Conventional Cystography

Cystography is a well-established technique in evaluating the bladder lumen and providing access for biopsies. It is often used as a gold standard when evaluating other imaging procedures. Cystography as used here implies conventional cystography, which consists of lumen distention with a contrast agent introduced via a catheter and appropriate filming. Cystography is also feasible using computed tomography (CT), ultrasonography (US), magnetic resonance (MR), and radionuclide techniques.

Voiding cystourethrography continues to be the gold standard for imaging evaluation children with urinary tract infection, male urethra, functional bladder conditions and in detecting vesicoureteral reflux. Although radionuclide and contrast enhanced US cystography have a role in screening and follow-up of established conditions, most initial evaluation of function and anatomy appears best served by voiding cystourethrography.

Computed Tomography

A typical CT cystography technique consists of contiguous 5-mm axial scans after bladder distention with a 4% iodinated solution as a positive contrast agent. Air or carbon dioxide is

occasionally used for bladder distention, but a potential complication of air is air embolism. Imaging in both the supine and prone positions is necessary when using gas to detect tumors otherwise covered with fluid.

Similar to CT colonoscopy, CT cystoscopy (also called virtual cystoscopy) is feasible with a contrast filled bladder.

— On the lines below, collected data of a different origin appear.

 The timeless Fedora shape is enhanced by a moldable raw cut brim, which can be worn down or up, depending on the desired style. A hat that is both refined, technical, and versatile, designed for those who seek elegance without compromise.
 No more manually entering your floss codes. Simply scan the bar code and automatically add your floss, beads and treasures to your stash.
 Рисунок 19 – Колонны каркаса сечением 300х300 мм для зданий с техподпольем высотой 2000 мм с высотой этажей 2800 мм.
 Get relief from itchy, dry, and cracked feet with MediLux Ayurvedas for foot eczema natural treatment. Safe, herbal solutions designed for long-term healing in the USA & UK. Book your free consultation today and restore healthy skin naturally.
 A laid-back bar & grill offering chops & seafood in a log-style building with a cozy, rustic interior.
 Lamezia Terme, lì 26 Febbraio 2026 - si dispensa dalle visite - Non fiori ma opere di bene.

Computed tomography cystoscopy is an alternate procedure in patients with urethral strictures who cannot undergo conventional cystoscopy or cystography but indications are expanding and some enthusiasts believe it will replace a large part of conventional cystoscopy. Three-dimensional (3D) CT cystography using perspective volume rendering and a shaded-surface 3D outline evaluates tumor size and shape and provides information about its relationship to adjoining mucosa.With current techniques, however, endoscopic cystoscopy has better spatial resolution in detecting small bladder tumors; thus CT cystoscopy detected 90% of bladder tumors, with all undetected tumors being <5mm in diameter (1); transverse and virtual images are complemen- tary—some small tumors are identified only on virtual images but bladder wall thickening is more apparent on transverse images.

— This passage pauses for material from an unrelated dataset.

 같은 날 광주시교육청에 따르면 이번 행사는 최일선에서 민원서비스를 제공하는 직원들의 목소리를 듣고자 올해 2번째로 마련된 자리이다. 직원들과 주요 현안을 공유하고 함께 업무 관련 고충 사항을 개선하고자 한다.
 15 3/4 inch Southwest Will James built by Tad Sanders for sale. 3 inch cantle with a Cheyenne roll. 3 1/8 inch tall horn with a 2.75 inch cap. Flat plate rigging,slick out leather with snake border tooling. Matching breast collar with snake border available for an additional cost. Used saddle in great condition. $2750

Flow of opacified urine into the bladder during contrast-enhanced CT results in intraluminal artifacts due to incomplete mixing. If necessary, delayed bladder images should be obtained to eliminate these artifacts.

Ultrasonography

Bladder US is performed using a transabdominal, endorectal, endovaginal, or endourethral approach. Color Doppler US detects ureteral jets and with unilateral ureteral obstruction, Doppler US reveals asymmetry to these ureteral jets. The presence of normal ureteral jets excludes significant obstruction.

Intravesical instillation of an US contrast agent aids detection of certain abnormalities, such as vesicoureteral reflux. A galactose-based microbubble contrast agent, Levovist, is typically employed. Contrast duration for this agent varies when mixed with normal saline. A high concentration of dissolved oxygen in normal saline appears to prevent diffusion of gas from the microbubbles into the solution and as a result contrast duration is longer than with use of a low oxygen concentration solution, such as is found in vacuum sealed containers (2).

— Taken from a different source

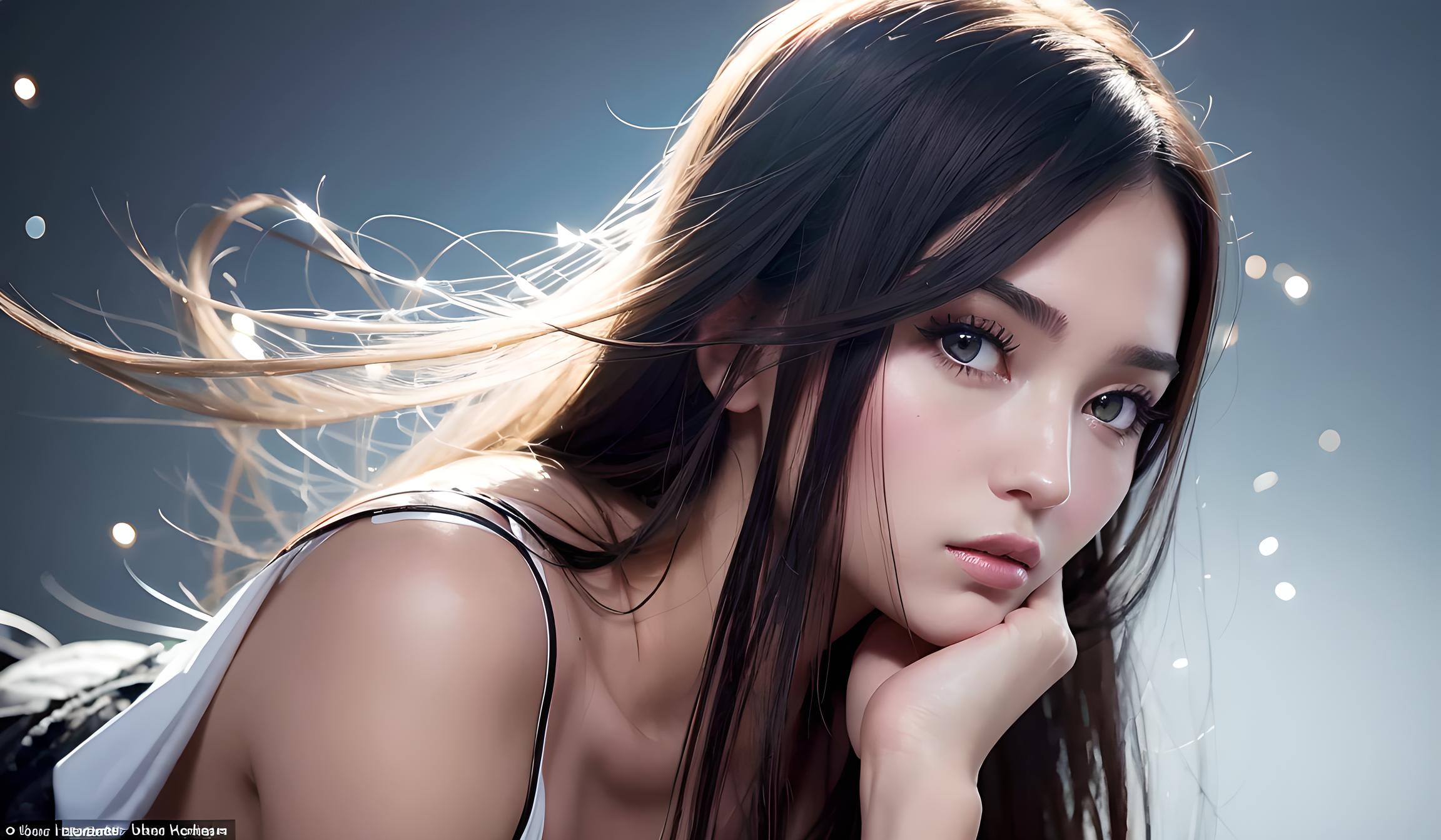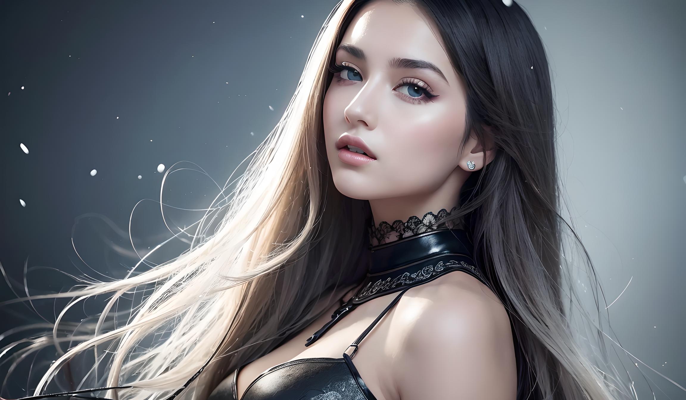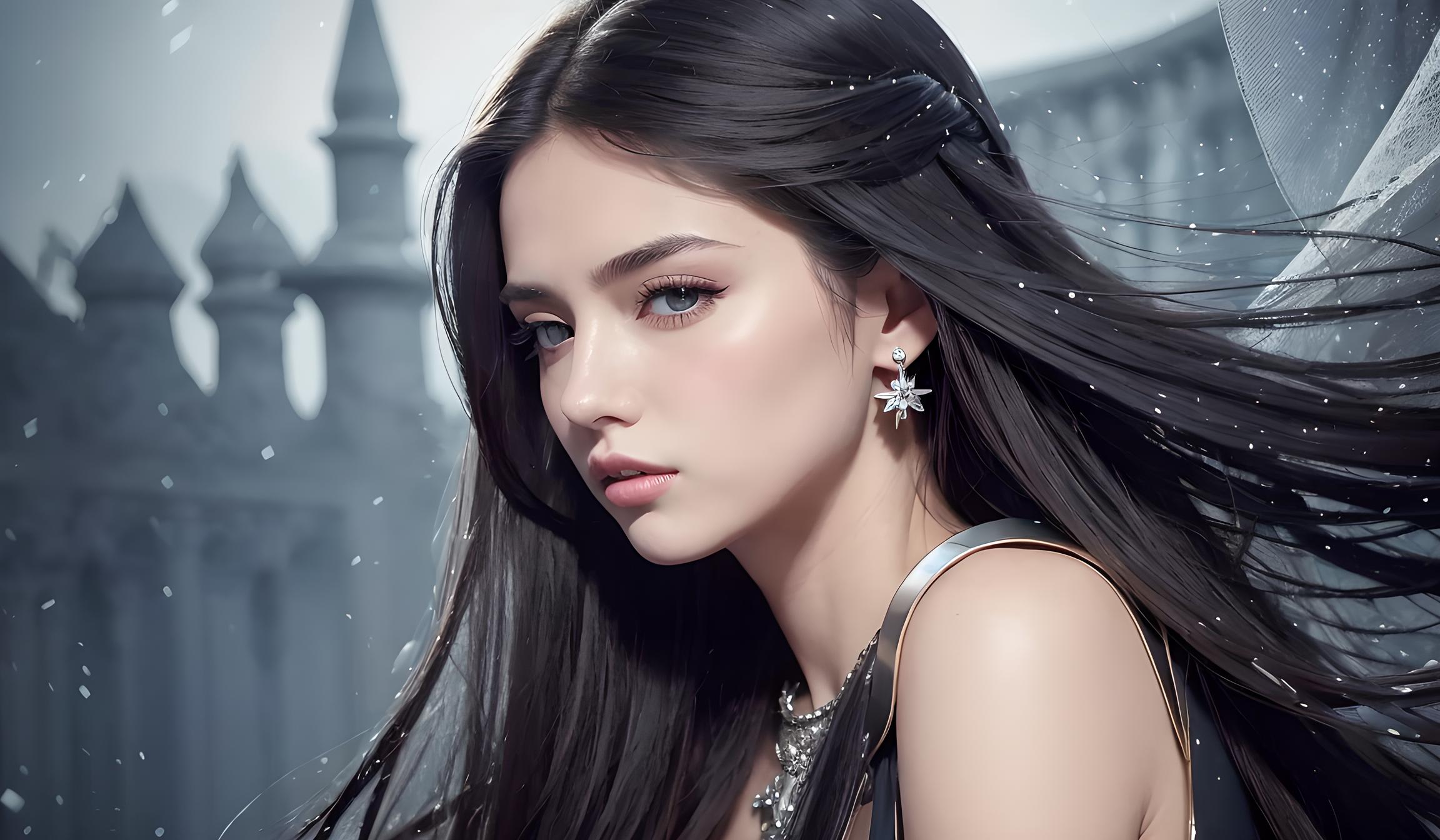 她的长发飘逸,如同黑色的瀑布,轻轻地拂过她的肩膀。她的皮肤白皙如雪,光滑细腻,散发着淡淡的香气。

Magnetic Resonance Imaging

On T1-weighted images urine is homogeneously hypointense and blends into the bladder wall. On T2-weighted images urine is hyperintense while bladder wall muscle layers remain hypointense and the two can be differentiated from each other. Immediate postcontrast images reveal little or no urine enhancement, but with renal excretion urine becomes hyperintense on delayed images.

Bladder instillation of a superparamagnetic iron oxide contrast agent aids in evaluating intraluminal extension of bladder tumors. High-resolution T2-weighted turbo spin echo (TSE) sequences detect tumors as small as 4mm and estimate the depth of infiltration by identifying inner and outer bladder wall margins (3); this technique, however, does not readily identify different bladder wall layers.

Magnetic resonance (MR) cystoscopy is based on principles similar to CT cystoscopy. After filling the bladder with a negative contrast agent and using a heavily T2-weighted sequence such as half-Fourier acquisition single-shot turbo spin echo (HASTE), axial and virtual cystoscopic images achieved a sensitivity of about 90% in detecting tumors <1cm and 100% for tumors 1cm or larger (4), results not differing statistically from CT cystoscopy or conventional cystoscopy.

ADVANCED IMAGING OF THE ABDOMEN

Virtual MR cystoscopy without bladder filling with contrast or use of IV contrast is also feasible; tumors >1cm are readily detected (5). The role of such a contrast-less MR study in screening and diagnosis remains to be established.

Scintigraphy

Radionuclide cystography is less often performed than conventional cystography because of its poorer spatial resolution. Technetium99m (Tc-99m)–sulfur colloid is not absorbed from the bladder and is thus employed. Indirect radionuclide cystography using Tc-99m- mercaptoacetylglycilglycilglycine (MAG3) may be sufficient for some indications.

Congenital Abnormalities

Agenesis

Bladder agenesis is very rare and is usually associated with other major anomalies. Most affected neonates are stillborn.

Duplication

Bladder duplication is rare. With complete duplication each kidney and ureter drains into its separate bladder, which then drains by separate urethras. Some duplications are incomplete and the two bladders communicate through an isthmus. Some bladders only appear duplicated because of an internal septum. An “hourglass” bladder or a large diverticulum arising from the dome of the bladder also mimics an incomplete duplication.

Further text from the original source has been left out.